Domino's atoned for its crimes against pizza and built a $9B empire (Bloomberg)
+ In the age of technology-driven services, the base product still matters: "As much as tech, what buoyed Domino’s was a once-in-an-industry strategy: In 2009 it admitted that its foundational product was … bad. Most chains that encounter trouble cop to some failing: Starbucks Corp. once said it built too many stores. McDonald’s Corp. tried to sell healthier food. Chipotle Mexican Grill Inc. promised patrons they wouldn’t get sick. But Domino’s has outdone them all."
The millennial urban lifestyle is about to get more expensive (The Atlantic)
+ Profits are an old-fashioned lesson getting new attention in the private markets: "If you wake up on a Casper mattress, work out with a Peloton before breakfast, Uber to your desk at a WeWork, order DoorDash for lunch, take a Lyft home, and get dinner through Postmates, you’ve interacted with seven companies that will collectively lose nearly $14 billion this year."

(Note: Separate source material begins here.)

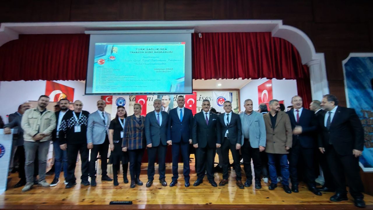 Türk Sağlık-Sen Trabzon Şubesi'nin düzenlediği 8. Olağan Genel Kurulu, hem sendikanın gelecek dönem çalışmalarını belirlemek hem de yeni yönetimi seçmek üzere gerçekleştirildi. Genel kurula ilginin yoğun olduğu dikkat çekti. MHP Trabzon İl Başkanı Tolgay Sivrikaya ve yönetim kurulu üyelerinin kalabalık şekilde genel kurula katıldıkları gözlendi.
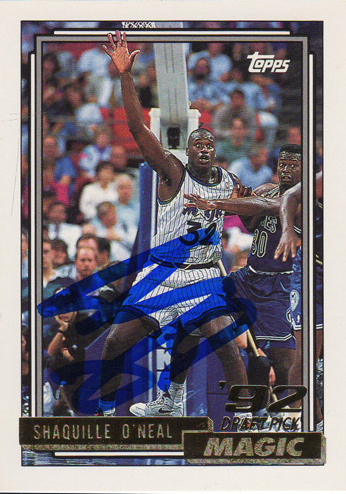 Shaquille O’Neal signed Orlando Magic 1992 Topps Gold rookie card #362. Item comes with a Schwartz Sports Memorabilia tamper-proof numbered hologram (on back of physical card) and Certificate of Authenticity which can be verified online.

How Emily Weiss’s Glossier grew from millennial catnip to billion-dollar juggernaut (Vanity Fair)
+ This is what it looks like to ride the current millennial instagram and internet marketing trends to billion-dollar status.
New Google local discovery tool: search by photos (Blumenthals)
+ This new Google feature showing images for business results could be a game-changer for small businesses showcasing their products online.
Some businesses bet that tackling burnout will boost bottom lines (The Hustle)
+ Employers are beginning to explore potential ways to deal with increased workplace-related mental health issues to cut healthcare-related costs: "Increased workloads, limited staff and resources, and crazy-long hours are common contributors to the problem. Meanwhile, living expenses are out of control for many younger workers, and that student loan debt ain’t goin’ nowhere. On top of that, there’s a deeply ingrained notion that work shouldn’t just bring in money; it should also provide a sense of identity. The feeling is so pervasive, some go so far as to call “workism” the new religion."
This Chilean startup could help people consume less plastic (The Hustle)
+ Algramo, a bulk dry goods company, is attempting to solve the overabundance of plastic trash by offering large discounts on consumable goods when customers refill their Algramo-branded reusable containers.